**PROBLEM REQUIREMENTS**
Repeat the data exactly, please; no pictures belong in the copy.

** Opening PROVIDED MATERIAL block **

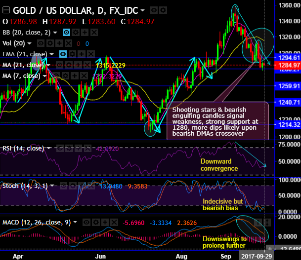 Bearish engulfing has also occurred at 1293.35 levels to slide below 7DMAs, that’s where the bears have managed to breach below the strong support levels (refer daily chart for the stiff supply zone at the same juncture in the past).
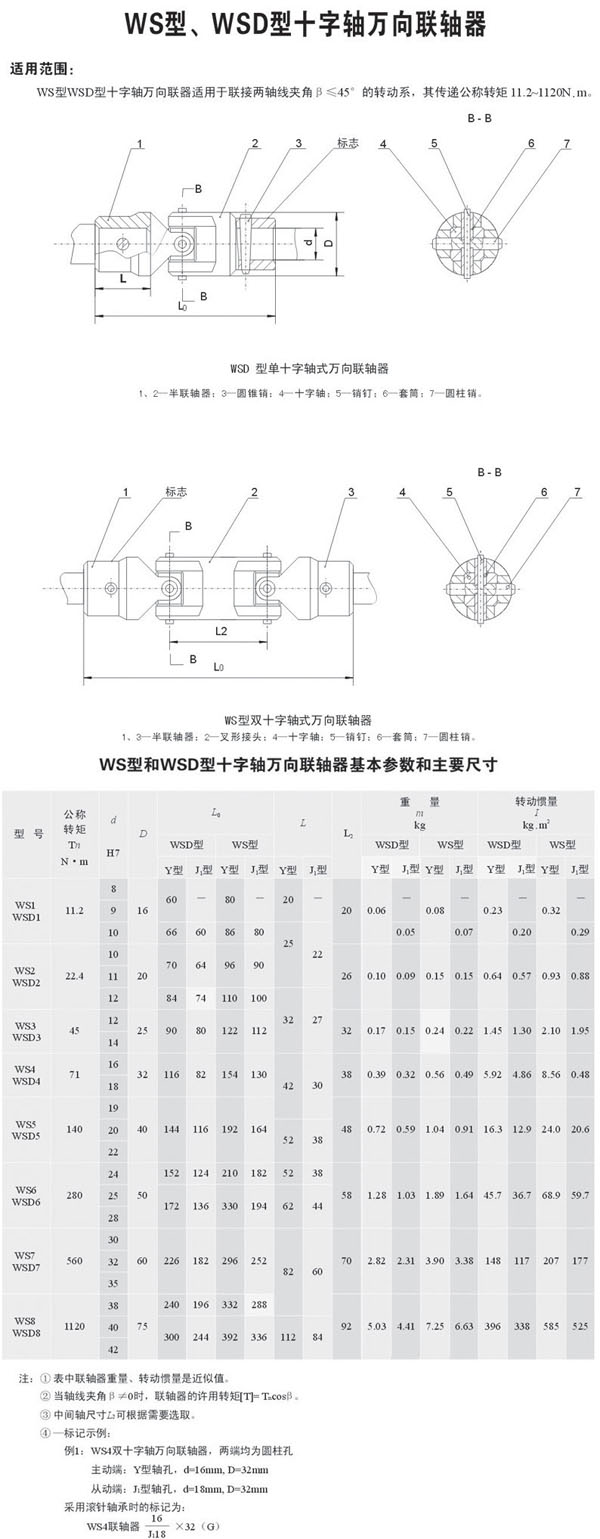 WS/WSD型十字軸式萬向聯(lián)軸器特點(diǎn):使用于聯(lián)結(jié)空間同一平面上兩軸線夾角β≤45°的傳動(dòng)場(chǎng)合?煞譃閱问中、雙十字型、可伸縮型和法蘭型。具有傳遞扭矩大,使用壽命長(zhǎng),應(yīng)用范圍廣等特點(diǎn)。它的應(yīng)用特別是對(duì)冶金行業(yè)的技術(shù)改造及機(jī)械產(chǎn)品更新?lián)Q代提供了在有利條件。中間采用方塊體加滑動(dòng)軸承可傳遞大扭矩,采用滾針軸承可提高轉(zhuǎn)速,理論達(dá)到4000轉(zhuǎn)/分鐘。特殊設(shè)計(jì)更可達(dá)到10000轉(zhuǎn)/分鐘。
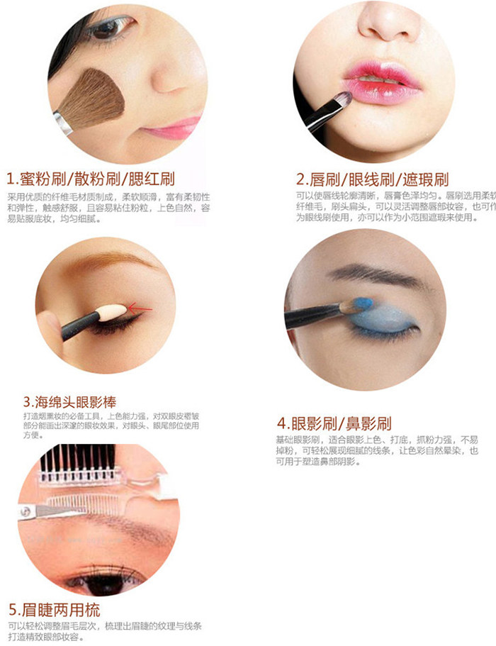 Полный бесплатная доставка по китаю оптовые продажи Не бросайте щетку для волос комплект 5 пакетов мягкий Удобный кисти для глаз тень румяна порошка губа щетка
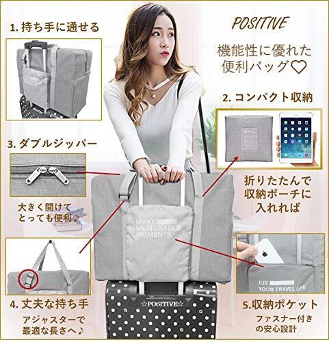 【POSITIVE】 折りたたみ ボストンバッグ 収納ポーチ付 大容量 機内持込可 スーツケース固定可 書付 (07.Newグレー)

** Closing PROVIDED MATERIAL block **

**REPLY**
 Bearish engulfing has also occurred at 1293.35 levels to slide below 7DMAs, that’s where the bears have managed to breach below the strong support levels (refer daily chart for the stiff supply zone at the same juncture in the past).
 WS/WSD型十字軸式萬向聯(lián)軸器特點(diǎn):使用于聯(lián)結(jié)空間同一平面上兩軸線夾角β≤45°的傳動(dòng)場(chǎng)合?煞譃閱问中、雙十字型、可伸縮型和法蘭型。具有傳遞扭矩大,使用壽命長(zhǎng),應(yīng)用范圍廣等特點(diǎn)。它的應(yīng)用特別是對(duì)冶金行業(yè)的技術(shù)改造及機(jī)械產(chǎn)品更新?lián)Q代提供了在有利條件。中間采用方塊體加滑動(dòng)軸承可傳遞大扭矩,采用滾針軸承可提高轉(zhuǎn)速,理論達(dá)到4000轉(zhuǎn)/分鐘。特殊設(shè)計(jì)更可達(dá)到10000轉(zhuǎn)/分鐘。
 Полный бесплатная доставка по китаю оптовые продажи Не бросайте щетку для волос комплект 5 пакетов мягкий Удобный кисти для глаз тень румяна порошка губа щетка
 【POSITIVE】 折りたたみ ボストンバッグ 収納ポーチ付 大容量 機内持込可 スーツケース固定可 書付 (07.Newグレー)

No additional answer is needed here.